Establishing a caloric deficit is the blueprint for successful fat loss. You must consume fewer calories than you burn. Doing so causes loss of fat, which eventually helps your spare tire -- and other fatty areas on your body -- to decrease. A practical and effective weight-loss goal is to lose a pound every week by increasing your physical activity and modifying your diet. To lose a pound, you must create a calorie deficit of 3,500 calories per week, which is an average of 500 calories each day.

Cut Down on the Calories

You'll boost your chance of shrinking your spare tire if you cut down on the calories you consume.
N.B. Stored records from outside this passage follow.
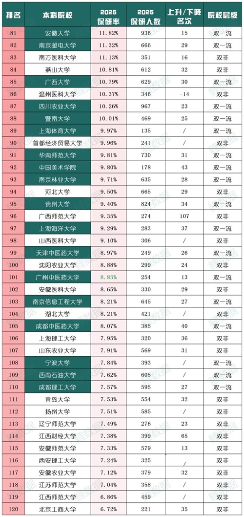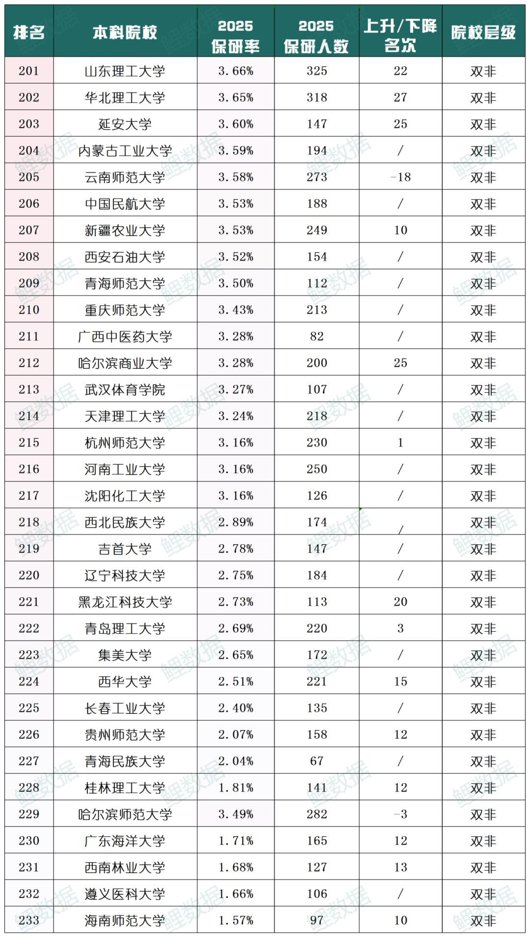 6. “双非”高校中南方医科大学、燕山大学的保研率也很高,不过首都医科大学的保研数据估计也很高,并没有在表格中;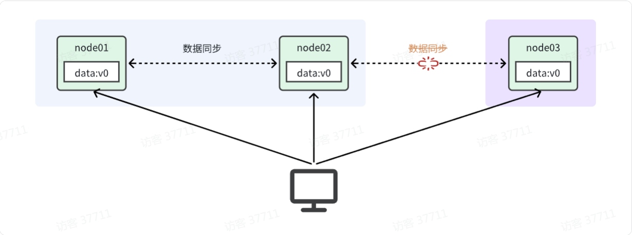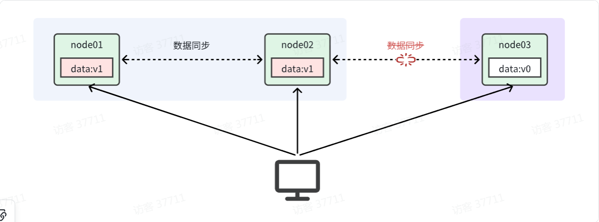 允许用户任意读写,保证可用性。但由于node03无法完成同步,就会出现数据不一致的情况。满足AP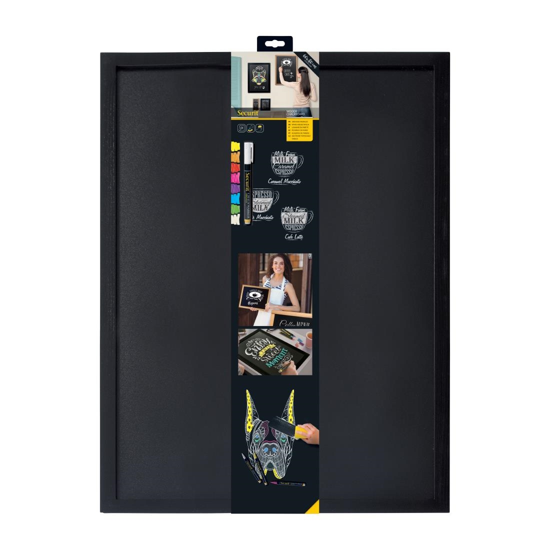 Securit Woody Kreidetafel 60x80, inklusive weißem Kreidemarker und Montageset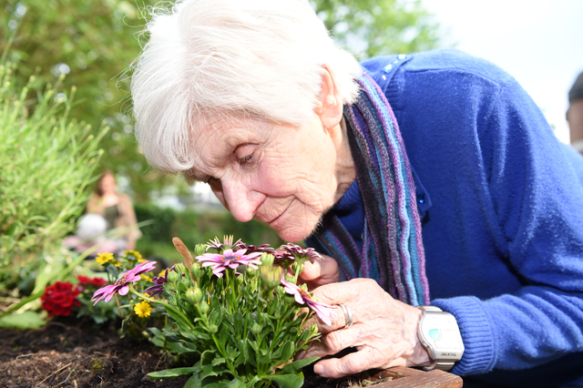 Eine Nase Blumenduft: Ingeborg Meyer genießt das Angebot Gartengruppe mit allen Sinnen.Foto: Johanneswerk / Christian Weische

The methods of doing so vary considerably, but one approach is to avoid high-calorie foods, such as those loaded with saturated fats and sugars. Cutting alcohol and soda out of your diet is also helpful, as is consuming small portions of fruits, vegetables, whole grains, low-fat dairy and lean protein.

Time to Break a Sweat

Once you understand the science of fat loss, your next mission is to lace up your workout shoes and exercise. Losing your spare tire without exercise is extremely difficult. Your weekly exercise routine should include two or more days of strength training and 150 to 300 minutes of moderate cardio. The U.S. Department of Health and Human Services notes that while 150 minutes of moderate-intensity cardio per week is a general guideline, you'll need to increase your exercise time to lose weight.

Vary Your Workouts

One of the perks of developing a fat-loss workout is the abundance of exercises from which you may choose. Cardio exercises include walking, running, biking, step aerobics, jumping rope and swimming, for example. Strength training activities include traditional weightlifting and body-weight exercises. Mix up your strength-training workout to avoid monotony and to build all your major muscle groups evenly.